Layer-by-layer films as engineered biomaterial coatings : applications to musculo-skeletal tissue engineering
par- 12 mai 2014
Lieu du séminaire : salle B204
Catherine Picart, LMGP, Grenoble Institute of Technology and CNRS, Grenoble, France. Email : firstname.lastname@example.org
Professor at Grenoble INP and researcher at the LMGP laboratory (Minatec site), I will first present our lab and the IMBM - Interfaces between Materials and Biological Matter - group. We have three major research axes : 1) Materials for biosensors ; 2) Self-organization of proteins at material surfaces ; 3) Control of cell fate by engineered surfaces. I will then focus more particularly on the 3rd axis. In vivo, cells are embedded in a microenvironment that contains several extracellular matrix proteins, growth factors and also mechanical signals from the tissue and from neighboring cells(1). All these biochemical, mechanical and topographical signals are important to orient cell fate. The layer-by-layer -LbL- technique has emerged in the past 15 years has an interesting method to build multifunctional 2D films or to coat 3D porous materials(2). It is highly tunable as several processing parameters can be varied and everything can be performed in water. Besides, it can be combined with microfabrication techniques. In this presentation, I will present our studies on layer-by-layer films made of polysaccharides and polypeptides to mimic some aspects of this microenvironment, especially controlled mechanical properties(3), bioactivity(4) and topographical properties(5 et 6). This new type of coating films offers a unique opportunity to investigate cellular processes in well defined 2D micro-environments, both to answer fundamental biological questions but also for the development of engineered tissues(7).

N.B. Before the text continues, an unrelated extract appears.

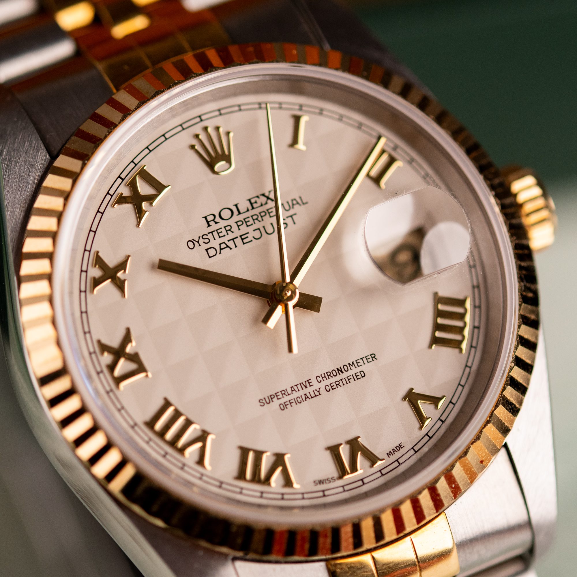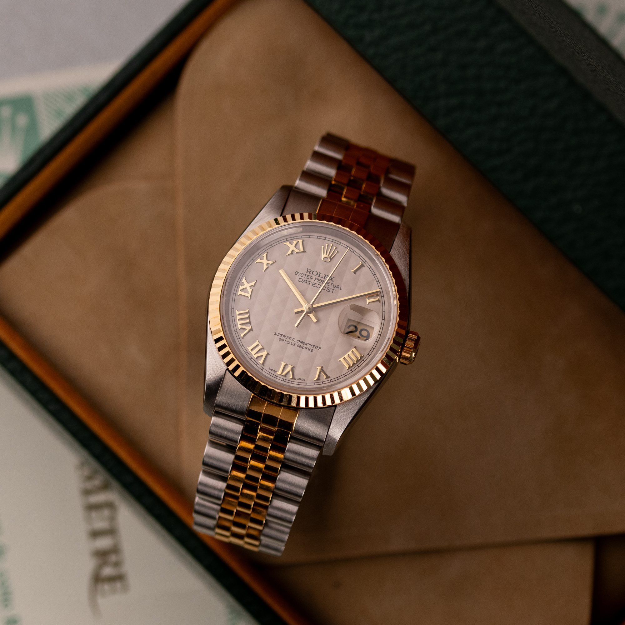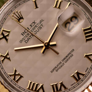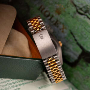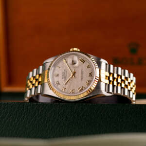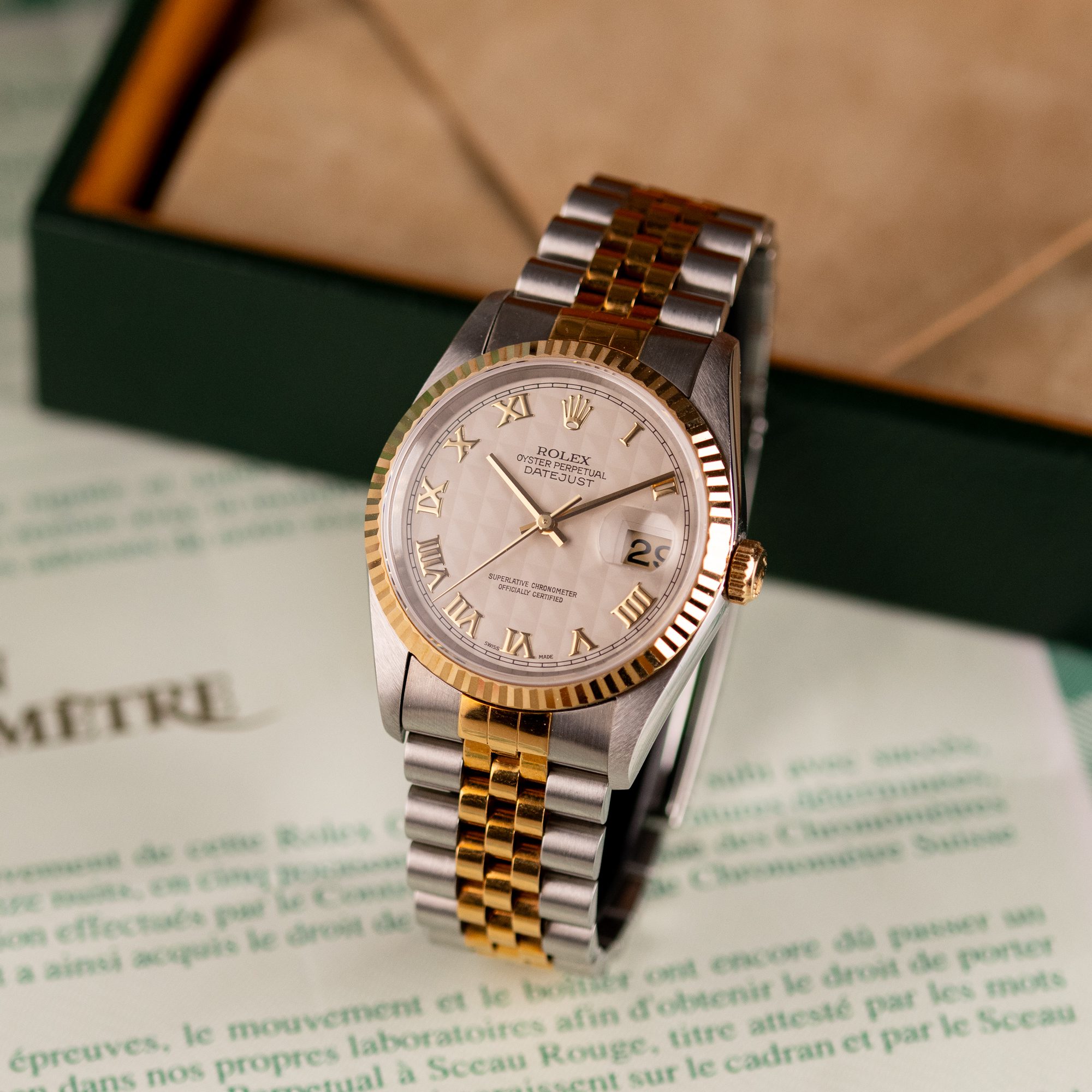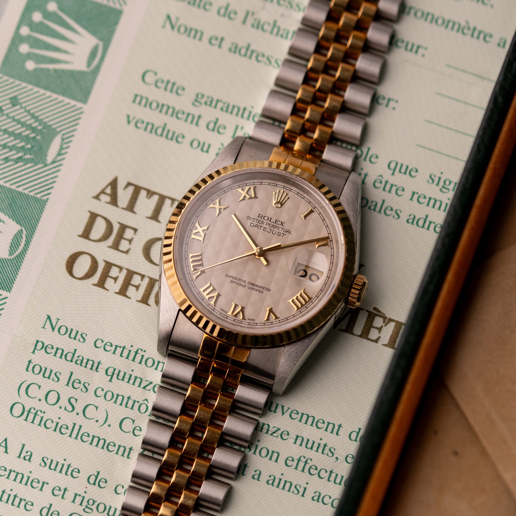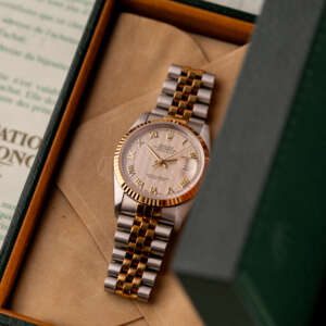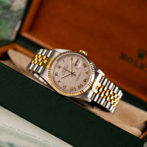 Originally sold in 1997, this example showcases a rare and striking Ivory Pyramid dial, distinguished by its unique textured pattern, and retains its original caseback sticker, highlighting its excellent condition. The fully functional automatic movement ensures precise timekeeping, while the Jubilee bracelet, sized for wrists up to 18 cm, shows no stretch, preserving its structural integrity. Presented as a full set with its original Rolex box and papers, this Datejust is an exceptional choice for collectors or those seeking a pristine vintage timepiece.

1. Hynes RO. The extracellular matrix : not just pretty fibrils. Science 2009. 326:1216-9.
2. Boudou T, Crouzier T, Ren K, Blin G, and Picart C. Multiple functionalities of polyelectrolyte multilayer films : new biomedical applications. Adv. Mater. 2010. 22:441-67.
3. Ren K, Crouzier T, Roy C, and Picart C. Polyelectrolyte multilayer films of controlled stiffness modulate myoblast differentiation. Adv. Funct. Mater. 2008. 18:1378-1389.
4. Crouzier T, Fourel L, Boudou T, Albiges-Rizo C, and Picart C. Presentation of BMP-2 from a soft biopolymeric film unveils its activity on cell adhesion and migration. Adv. Mater. 2011. 23:H111-8.
5. Monge C, Ren K, Berton K, Guillot R, Peyrade D, and Picart C. Engineering muscle tissues on microstructured polyelectrolyte multilayer films Tissue Eng. Part A 2012. 18:1664-1676.
6. Almodovar J, Crouzier T, Selimovic S, Boudou T, Khademhosseini A, and Picart C. Gradients of physical and biochemical cues on polyelectrolyte multilayer films generated via microfluidics. Lab Chip 2013. 13:1562-70.
7. Guillot R, Gilde F, Becquart P, Sailhan F, Lapeyrere A, Logeart-Avramoglou D, and Picart C. The stability of BMP loaded polyelectrolyte multilayer coatings on titanium. Biomaterials 2013. 34:5737-46.
Voir en ligne : https://chimie-biologie.ujf-grenobl...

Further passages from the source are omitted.